It's combat effective and fills the classic archetypes of the beefy fighter and lithe sneaky-guy doing the classic double-team.
Either that or a halfling focused on mounted combat riding a half-orc barbarian. I'm not sure how the rules would work for that. (Does the half-orc go at the halfling's initiative? What if the halfling has the trample feat? etc) But the idea of it amuses me to no end.
| ZanThrax |
Beyond the obvious benefits of building duos / entire parties with Teamwork feats, having a pair of characters built around Swift Aid & Bodyguard, and Aid Another in general can be highly effective. Currently I'm favouring a Exemplar Brawler / Dragon Daring Champion Cavalier into Battle Herald paired up with a Spell Warrior Skald.
Both using Benevolent weapons and armour. The Skald will use gloves of Arcane Striking and take the helpful (or be a halfling to instead take helpful halfling) trait. The Battle Herald instead takes the battlefield disciple trait - it's not as big a boost, but it stacks with the Dragon Cavalier bonus.
Between the two of them, they'll almost never be hit, and very rarely miss an attack.
| Scott Wilhelm |
How about a campaign with a party of evil characters with a Lawful Good Paladin they us as a face? They let the paladin do all the talking, but while that happens, the Rogue is casing establishments to rob, but has to get back to meet the wizard at dusk to rob a fresh grave: he gets the burial jewelry, and the wizard needs a virgin's heart. After the Paladin leaves, the fighter lingers to negotiate with the prince a series of "special fees."
| Tarantula |
Just having parties of all small characters can be a riot. I once ran a game where the players without collusion were three halflings, a gnome, and a human. The human took reduce person so he could fit in. They were once defeated by a door, it was pretty epic.
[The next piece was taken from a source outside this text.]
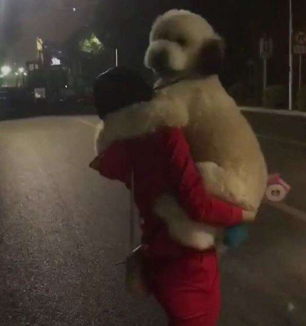 這麼大隻還是個寶寶! 大白汪散步到一半飛撲主人 狂撒嬌:「我要馬麻抱抱~」
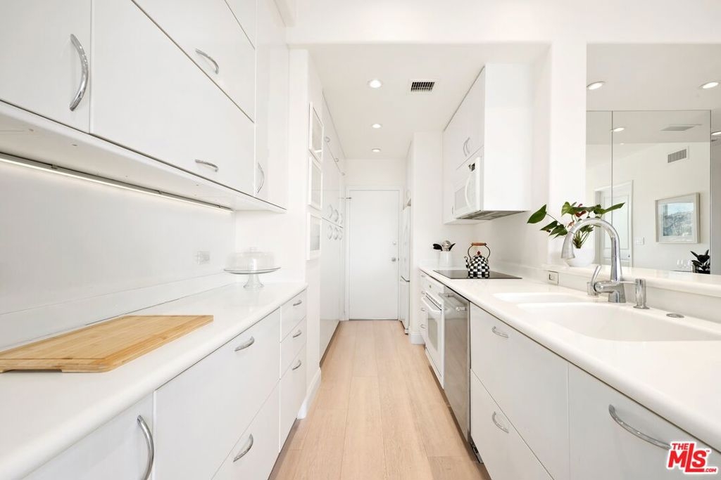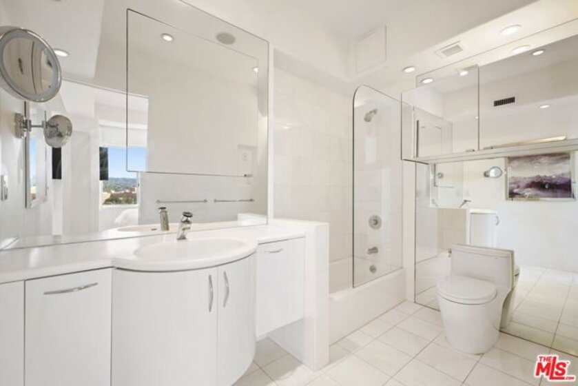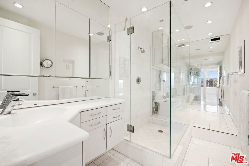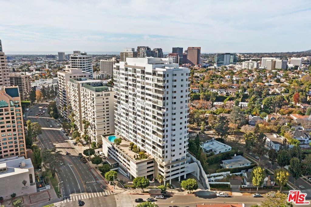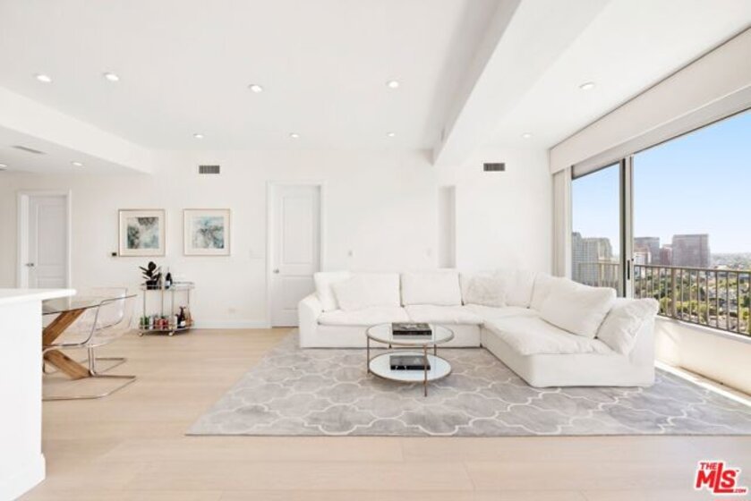 VIEWS, VIEWS, VIEWS. Head-on southwest facing and perched on the 22nd floor, this sun-drenched, ultra-glamorous residence captures magnificent canyon and skyline views with sweeping exposures to the north, west, and east. Located along the prestigious Wilshire Corridor, this impeccably reimagined condo offers soaring ceilings, refined recessed lighting, and rich hardwood floors, creating an atmosphere of timeless sophistication throughout. This pristine 2-bedroom, 2-bath home features an expansive primary suite with a generous den or office, exceptional storage, and abundant closet space rarely found in condominium living. The chef's kitchen is both striking and functional, showcasing floor-to-ceiling Italian cabinetry, sleek Corian countertops, and elegant white marble flooring. Fleetwood windows and sliding glass doors frame the breathtaking vistas while flooding the home with natural light. The spa-like primary bath features a soaking tub and separate shower, while the oversized secondary bath impresses with a large walk-in shower, marble floors, and bidet. Additional highlights include massive storage throughout, two-car parking with the option of self-parking or white-glove valet service, and residence within The Wilshire Regent, one of the Corridor's most coveted full-service buildings, renowned for its unparalleled amenities, white-glove staff, and prime location. Every detail reflects elevated luxury, effortless comfort, and a truly refined lifestyle.

That word. I do not think it means what you think it means.
| Scott Wilhelm |
Freya Arceana wrote:a Lawful good Paladin would not play with a party full of evil people.We can make it happen...
Step 1) Anti Detect evil items
Step 2) High Bluff scores
Step 3) Have Paladin dump Wisdom
Step 4) Win at everything forever
Ah Freya, but "would not" and "will not" are not quite the same thing.
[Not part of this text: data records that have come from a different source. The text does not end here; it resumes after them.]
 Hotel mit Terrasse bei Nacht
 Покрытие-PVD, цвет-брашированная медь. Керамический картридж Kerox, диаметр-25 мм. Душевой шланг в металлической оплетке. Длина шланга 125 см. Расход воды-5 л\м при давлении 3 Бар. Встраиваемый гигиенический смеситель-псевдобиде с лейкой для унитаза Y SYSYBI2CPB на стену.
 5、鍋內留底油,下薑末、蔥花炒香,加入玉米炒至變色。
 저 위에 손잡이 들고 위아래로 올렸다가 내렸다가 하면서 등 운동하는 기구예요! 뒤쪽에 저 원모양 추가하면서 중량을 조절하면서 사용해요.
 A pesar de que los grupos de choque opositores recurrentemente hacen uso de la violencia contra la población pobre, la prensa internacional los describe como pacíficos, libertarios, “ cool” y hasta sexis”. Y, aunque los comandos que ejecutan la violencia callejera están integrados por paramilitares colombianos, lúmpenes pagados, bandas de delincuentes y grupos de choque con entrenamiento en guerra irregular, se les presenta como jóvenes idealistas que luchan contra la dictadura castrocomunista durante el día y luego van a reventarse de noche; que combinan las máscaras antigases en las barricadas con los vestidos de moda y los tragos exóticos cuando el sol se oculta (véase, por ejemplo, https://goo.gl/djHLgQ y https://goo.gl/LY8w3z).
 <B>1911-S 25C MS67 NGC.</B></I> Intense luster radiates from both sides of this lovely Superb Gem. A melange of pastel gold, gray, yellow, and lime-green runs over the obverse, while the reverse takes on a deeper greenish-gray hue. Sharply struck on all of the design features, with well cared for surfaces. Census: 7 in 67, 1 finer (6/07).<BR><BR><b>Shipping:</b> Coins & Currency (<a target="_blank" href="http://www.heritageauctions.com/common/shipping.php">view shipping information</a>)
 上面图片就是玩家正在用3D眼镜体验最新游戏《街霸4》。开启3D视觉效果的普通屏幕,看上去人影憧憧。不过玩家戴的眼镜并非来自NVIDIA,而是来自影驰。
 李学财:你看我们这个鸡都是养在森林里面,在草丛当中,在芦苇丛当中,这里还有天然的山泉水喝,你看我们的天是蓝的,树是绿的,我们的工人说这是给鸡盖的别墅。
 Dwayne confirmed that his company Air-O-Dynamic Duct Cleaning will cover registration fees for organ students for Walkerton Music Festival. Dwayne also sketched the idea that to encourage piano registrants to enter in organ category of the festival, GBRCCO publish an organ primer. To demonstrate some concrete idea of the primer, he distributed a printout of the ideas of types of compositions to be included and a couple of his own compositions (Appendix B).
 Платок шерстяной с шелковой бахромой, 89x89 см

GM_Solspiral's idea of everybody fooling the Paladin might work, but maybe it could happen with just role playing.
Maybe the Paladin sees himself as ministering to his evil comrades. Maybe he likes them even if they are evil, and his trying to save their souls by getting them to save the world.
Or maybe circumstances (like saving the world) force the paladin to accept help wherever he can find it, like how Buffy the Vampire Slayer keeps getting help from Spike: even if they hate each other, neither one of them wants the world to end.
Admiral Adama took in one of the #5 Cylons and she becomes Athena.
Maybe the paladin is sort of a social worker handling the party as a case, simultaneously counselling them, policing them, and ministering to them. And the other party member are (or act like they are) truly repentant every time they are caught, and the paladin forgives them every time because forgiving people is what good people do.
Meanwhile, betraying people is what evil people do. In a party of evil people, the 1 lawful good player is the one person everyone trusts, and so everyone needs him. What does Lex Luthor do when he needs help? He goes to Superman!
Don't let other people's interpretation of how things usually happen stifle your imagination and keep you from making a good story.